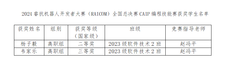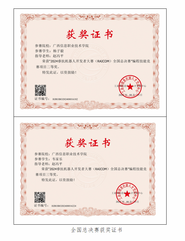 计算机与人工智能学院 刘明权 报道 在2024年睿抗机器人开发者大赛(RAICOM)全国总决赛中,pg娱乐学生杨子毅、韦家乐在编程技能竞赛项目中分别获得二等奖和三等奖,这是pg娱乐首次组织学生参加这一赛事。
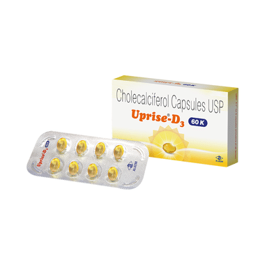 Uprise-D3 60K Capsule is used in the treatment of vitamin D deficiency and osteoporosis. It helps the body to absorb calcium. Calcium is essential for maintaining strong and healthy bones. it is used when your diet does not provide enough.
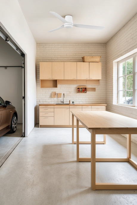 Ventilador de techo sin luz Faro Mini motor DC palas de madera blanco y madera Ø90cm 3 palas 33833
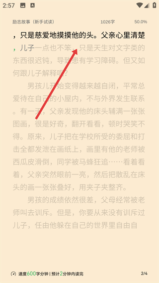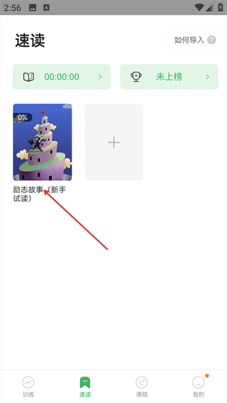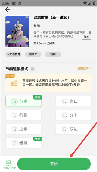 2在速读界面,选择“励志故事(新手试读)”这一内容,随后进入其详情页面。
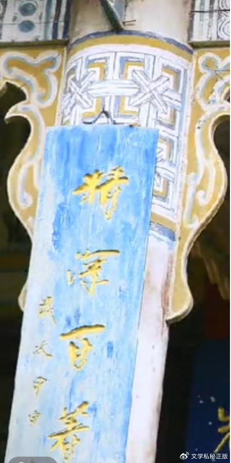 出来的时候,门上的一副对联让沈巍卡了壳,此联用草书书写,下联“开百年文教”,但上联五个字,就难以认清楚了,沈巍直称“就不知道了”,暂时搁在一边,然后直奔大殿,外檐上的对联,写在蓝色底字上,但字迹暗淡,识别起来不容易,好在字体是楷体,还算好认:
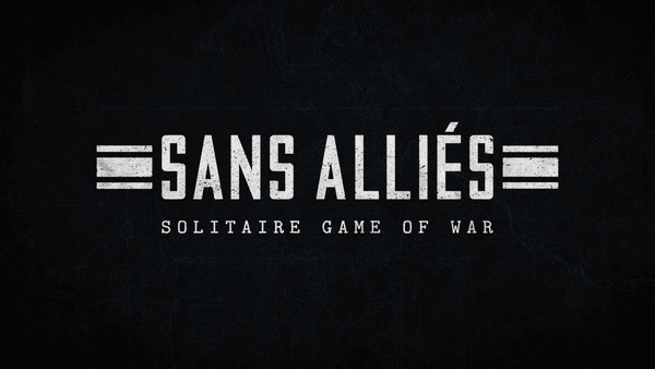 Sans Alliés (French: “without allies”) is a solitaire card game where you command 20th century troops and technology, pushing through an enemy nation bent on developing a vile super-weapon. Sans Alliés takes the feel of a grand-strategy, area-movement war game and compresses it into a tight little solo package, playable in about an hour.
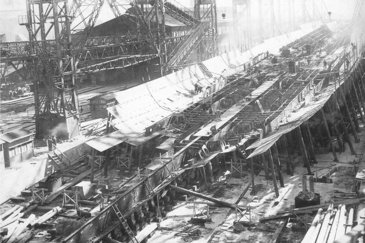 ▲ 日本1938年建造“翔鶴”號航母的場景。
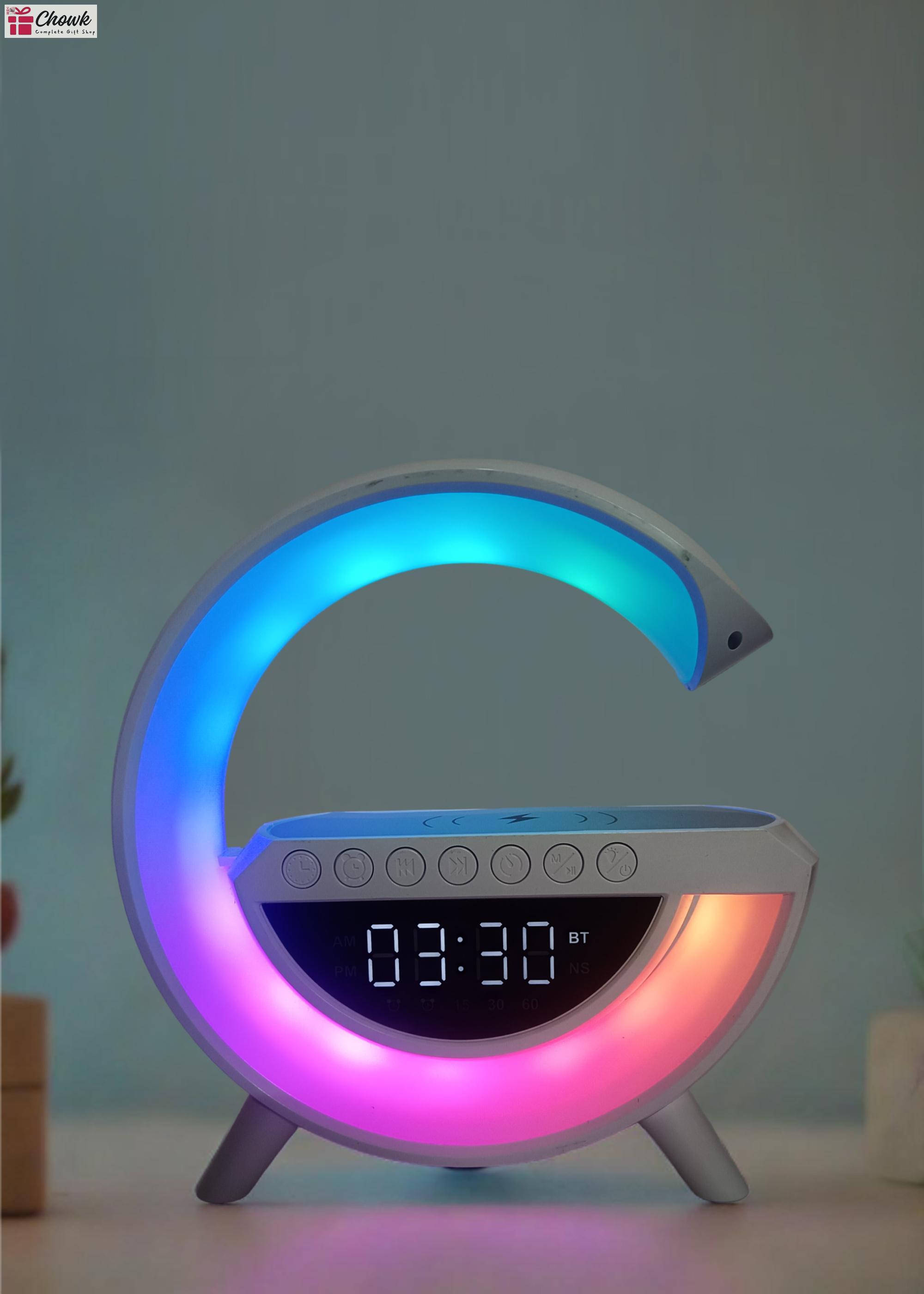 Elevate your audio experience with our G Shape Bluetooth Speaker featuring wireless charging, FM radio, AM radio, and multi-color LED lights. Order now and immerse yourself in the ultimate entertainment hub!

---

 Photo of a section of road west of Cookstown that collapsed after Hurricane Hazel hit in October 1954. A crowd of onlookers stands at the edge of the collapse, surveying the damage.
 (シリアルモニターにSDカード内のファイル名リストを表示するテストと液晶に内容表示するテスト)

...

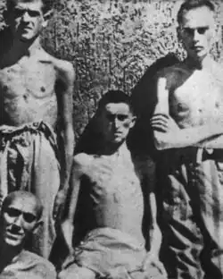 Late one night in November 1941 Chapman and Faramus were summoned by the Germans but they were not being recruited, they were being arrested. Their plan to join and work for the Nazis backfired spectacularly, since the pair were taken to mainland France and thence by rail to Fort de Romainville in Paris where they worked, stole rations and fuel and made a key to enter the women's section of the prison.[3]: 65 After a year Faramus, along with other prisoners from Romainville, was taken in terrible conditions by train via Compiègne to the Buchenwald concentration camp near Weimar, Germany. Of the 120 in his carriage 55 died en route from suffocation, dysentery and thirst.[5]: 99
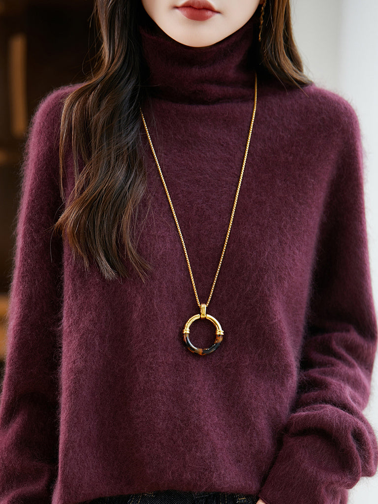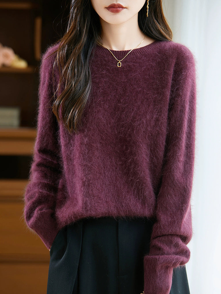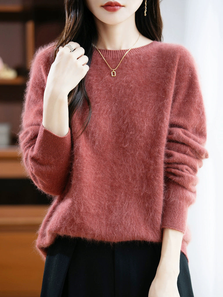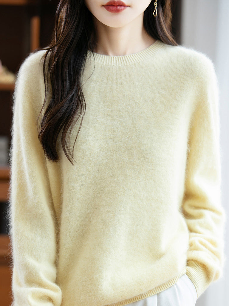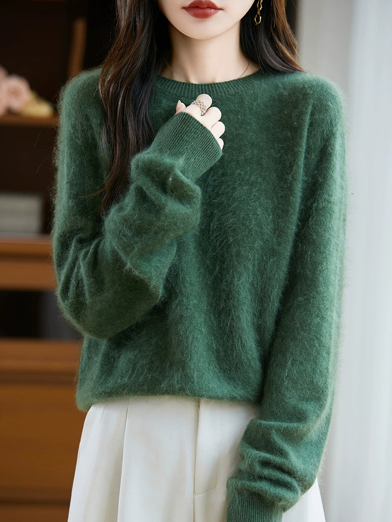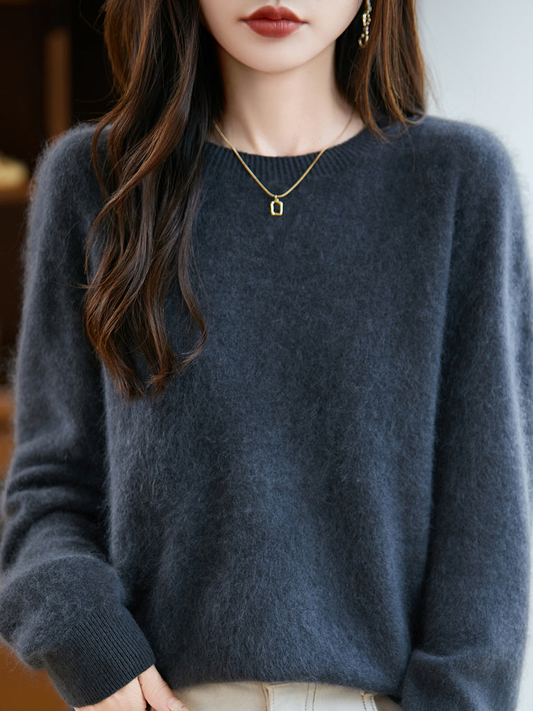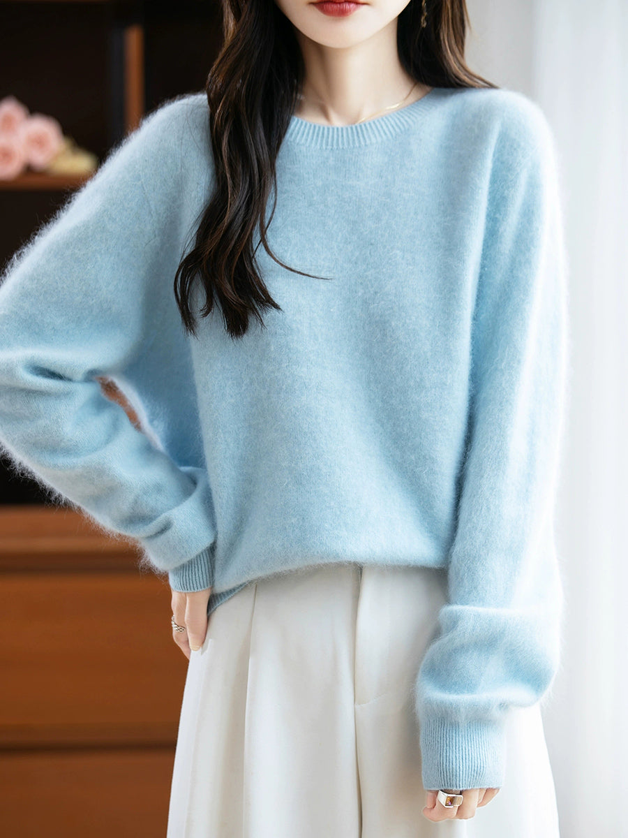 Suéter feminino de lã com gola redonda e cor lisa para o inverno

* ABOUT THIS EXERCISE:
The stretch to restate runs from the line above containing "Uprise-D3 60K Capsule" through the line containing "出来的时候,门上的一副对联让". Copy it word for word, ends included, without pictures.

* SOLUTION FOR THIS PROBLEM:
 Uprise-D3 60K Capsule is used in the treatment of vitamin D deficiency and osteoporosis. It helps the body to absorb calcium. Calcium is essential for maintaining strong and healthy bones. it is used when your diet does not provide enough.
 Ventilador de techo sin luz Faro Mini motor DC palas de madera blanco y madera Ø90cm 3 palas 33833
 2在速读界面,选择“励志故事(新手试读)”这一内容,随后进入其详情页面。
 出来的时候,门上的一副对联让沈巍卡了壳,此联用草书书写,下联“开百年文教”,但上联五个字,就难以认清楚了,沈巍直称“就不知道了”,暂时搁在一边,然后直奔大殿,外檐上的对联,写在蓝色底字上,但字迹暗淡,识别起来不容易,好在字体是楷体,还算好认:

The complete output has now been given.